After the trial court declared a mistrial during Michael Bruce's trial for driving under the influence, Bruce filed a plea in bar requesting the dismissal of the accusation on double jeopardy grounds. Following a hearing, the trial court denied the plea in bar, and Bruce appeals. We affirm because, based on the limited record before us, we cannot determine that the trial court abused its discretion in finding a manifest necessity for the mistrial.

As a rule, if the trial court declares a mistrial over the defendant's objection or without his consent, the defendant may be retried, but only if there was a “manifest necessity” for the mistrial.1 “Manifest necessity can exist for reasons deemed compelling by the trial court, especially where the ends of substantial justice cannot be attained without discontinuing the trial.”2 “Manifest necessity exists when the accused's right to have the trial completed by a particular tribunal is subordinate to the public interest in affording the prosecutor one full and fair opportunity to present his evidence to an impartial jury.”3 The trial court's judgment that there was a manifest necessity to grant a mistrial is entitled to great deference.4

There is no transcript of the DUI trial because Bruce waived the presence of a court reporter.

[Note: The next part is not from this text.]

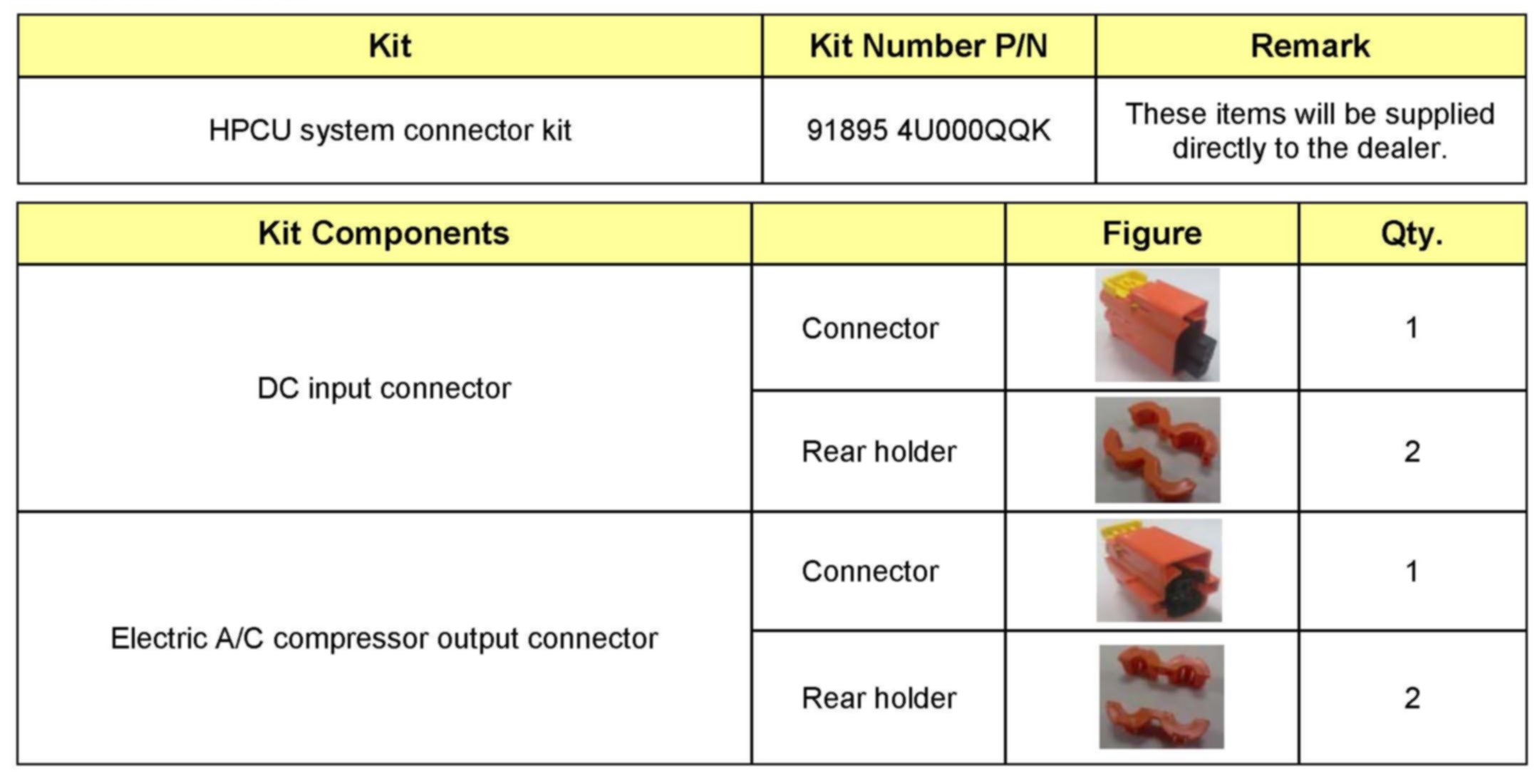 This bulletin provides the procedure to replace the HPCU (Hybrid Power Control Unit) input connector and A/C output connector with an improved version on Optima Hybrid vehicles produced from start of production to October 28, 2011. Kia is requesting the completion of this Service Action on all affected Optima Hybrid vehicles. Before conducting the procedure, verify that the vehicle is included in the list of the affected VINs.

According to the trial court's order denying the plea in bar, the State was prejudiced during cross-examination of one of its witnesses, a police officer, when, over the State's objection, defense counsel asked the officer about a prior conversation between the officer and defense counsel. The trial court characterized the prejudice as defense counsel's “interject[ion][of] plea negotiations into trial.” It appears from the motion hearing that the State requested a mistrial, which was opposed by the defense. In its order denying the plea in bar, the trial court found that “it was manifestly necessary for the Court to grant a mistrial.”

Bruce argues that during the trial his defense counsel properly questioned an adverse witness about a prior inconsistent statement and that there was no evidentiary infraction that justified a mistrial.5 Notwithstanding Bruce's arguments, we cannot review the question which the trial court found to be prejudicial because there is no transcript of the trial, and the question is not otherwise established by the record.6 “Deference to the judge's sound discretion ․ precludes a reviewing court from assuming, in the absence of record evidence, that the trial judge deprived a defendant of constitutional rights.”7

Significantly, the trial court found that defense counsel, who “raised his voice, speaking over the State, asking the Officer his question,” acted intentionally in seeking the prejudicial information. A trial court “is especially empowered to avoid the absurdity of a defendant benefitting from the prejudicial error he created.”8 We cannot, based on the record before us, find that the trial court abused its discretion in granting a mistrial. It follows that the trial court did not err in refusing Bruce's plea in bar.9

Judgment affirmed.

DOYLE, Judge.

BLACKBURN, P.J., and ADAMS, J., concur.